她迎上来,笑靥如花,声音像泡了三泡的龙井茶,温润又带着一丝清甜:“这位公子,第一次来?”
李七七正要开口,耳边响起了系统提示:“目标人物情绪稳定度99%,怒火值0,无法读取。”
她心里咯噔了一下。
99%的情绪稳定度意味着什么?意味着这个人比秦贵还难对付。秦贵的情绪控制力已经够变态了,但稳定度顶多也就95%。面前这个女人比秦贵还要高出四个百分点。
李七七暗暗叫苦:完了,遇到同行了。
“正是,”她拱了拱手,学着她见过的那些风流公子的做派,尽力让自己的声音听起来低沉一些,“在下姓李,久闻锦娘阁大名,今日特来开开眼界。”

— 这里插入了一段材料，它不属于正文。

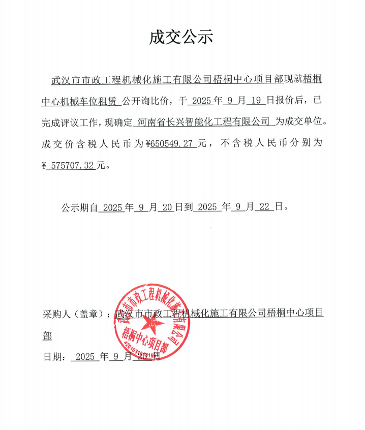 梧桐中心機(jī)械車位租賃成交公示

苏锦娘掩口一笑,目光在李七七脸上扫了一圈,从那撇歪歪扭扭的假胡子看到衣摆上拖出来的线头,笑意更深了几分。
“李公子瞧着面生,”苏锦娘侧身引路,“里边请,奴家给您安排个好位置。”
她引着李七七走到大堂正中一张桌子前,桌上已经摆好了四碟干果和一把茶壶。李七七坐下,苏锦娘亲自给她倒了杯茶。

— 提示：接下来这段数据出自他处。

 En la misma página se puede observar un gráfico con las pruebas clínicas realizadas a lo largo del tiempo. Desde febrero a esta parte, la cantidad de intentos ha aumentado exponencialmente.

“公子喝点什么酒?我们这里有绍兴的女儿红、汾州的竹叶青、还有从西域来的葡萄酒。”
“不忙,”李七七端起茶杯抿了一口,“先坐坐,看看景。”
苏锦娘点了点头,转身去招呼别的客人。她的背影消失在屏风后面,只留下一缕淡淡的茉莉花香。
李七七放下茶杯,开始输出。
一个梳着双环髻的姑娘端着托盘走过来,托盘上是一壶酒和两只酒杯。她正要斟酒,李七七抬手拦住她,故意提高了声音:“你们这酒是假的吧?”
姑娘愣住了。
大堂里几桌客人转过头来看她。
苏锦娘从屏风后面走出来,脸上没有丝毫慌张,微笑着走过来,接过姑娘手里的酒壶,亲自给李七七倒了一杯:“公子说笑了,酒给您换,我亲自给您斟。不如尝尝这坛——这是去年从绍兴运来的二十年陈酿,原本是留着自己喝的。”
李七七端起酒杯闻了闻,确实是好酒。但她不能认输。
“你们这姑娘也不够漂亮。”她又出招了,声音比刚才还大。
苏锦娘的笑容纹丝不动:“公子眼光真高。我亲自给您安排——翠屏,过来陪李公子坐坐。”
一个穿着淡绿色褙子的姑娘从偏厅走出来,生得明眸皓齿,眼波流转间带着几分妩媚。她走到李七七身边,微微一福:“李公子好。”
李七七咬牙,使出最后一招:“你们这装修风水不好,容易招小人。”
苏锦娘把翠屏轻轻推到李七七身边,自己坐在对面,端起酒杯,轻轻晃了晃,琥珀色的酒液在琉璃杯中打着旋。她的微笑不变,声音轻柔得像哄孩子:“公子懂风水?不如给我看看。”
李七七僵住了。
她盯着苏锦娘的眼睛看了三秒,那双眼睛里没有愤怒,没有尴尬,甚至没有任何多余的情绪——只有一种温和的、恰到好处的客气。就像她对每一个客人都是这样,不多不少,不远不近。
“我认输。”李七七趴在了桌子上。
翠屏在旁边掩着嘴笑。苏锦娘端起酒杯,微微一敬:“公子说笑了。”
李七七趴在桌上,脸埋在臂弯里,用只有自己能听到的声音说:“这人比我见过的所有客服主管加起来都难搞。”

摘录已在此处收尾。